Hacker News new | past | comments | ask | show | jobs | submit login
TTS: Text-to-Speech for All (github.com/mozilla)
282 points by doener on April 14, 2021 | hide | past | favorite | 51 comments



Check out Coqui TTS where we continue the work.

https://github.com/coqui-ai/TTS

Mozilla TTS is not maintained anymore (at least ATM).

Disclaimer: I've created both of the projects.


How does this compare to ESPNET2? (https://colab.research.google.com/github/espnet/notebook/blo...)

Do you support multiple speakers?

Also, do you mind if I email you and ask you a few questions about Coqui TTS?


We support multi speaker models and working on even multi lingual models.

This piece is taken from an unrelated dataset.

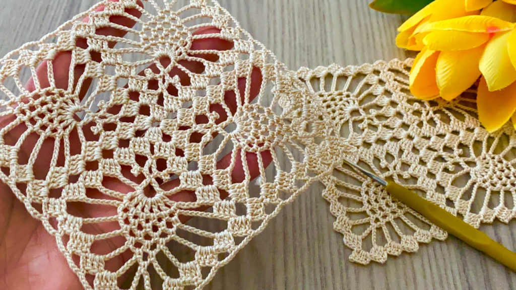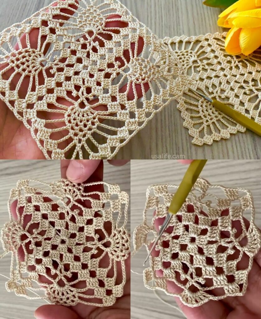 This “Pineapple Star Square” is stylish because it features four small pineapples pointing toward the corners, creating a beautiful geometric explosion from the center.

Come and join our gitter room.

https://gitter.im/coqui-ai/TTS


I remember giving Mozilla TTS a try but the docker image would crash on punctuations and symbols. Seemed to require clean up of the text and submitting it in small chunks.

Any idea if these issues still exist? Thank you.


The examples are really impressive! Are multiple voice tones/genders supported?


we are working on it.

Check our latest work https://edresson.github.io/SC-GlowTTS/

You can also check other released models here

https://github.com/coqui-ai/TTS/releases


That's mind blowingly amazing. It's far and away the best TTS I've ever heard in my life!

We've come a long from from SAM and my Amiga, I tell ya.


It seems like this is another dead mozilla project now, given that the people who worked on this started a new project: https://github.com/coqui-ai


You can see some Coqui[0] TTS examples here[1].

[0] https://coqui.ai/

[1] https://erogol.github.io/ddc-samples/


I work on TTS (created https://vo.codes) and my impression of the Mozilla project was that it was incredibly understaffed. Unrealistically so to ever lead to any kind of product or platform.

Maybe this new organization can accomplish the goal of easy and open trainable TTS. I'd really like to see it.


understaffed -> it was only me and still only me but with a great list of contributors :)


Thanks for doing this! I got it running immediately and I'm impressed and will try it in a project I have in mind plus spread the good word.


I would really love to see you get funding for developing an open platform for TTS that can offer commercial options that fuel growth. I really want to see your work scale. Easy TTS from custom data needs to be a thing.

Good job with the stuff you've built, and good luck!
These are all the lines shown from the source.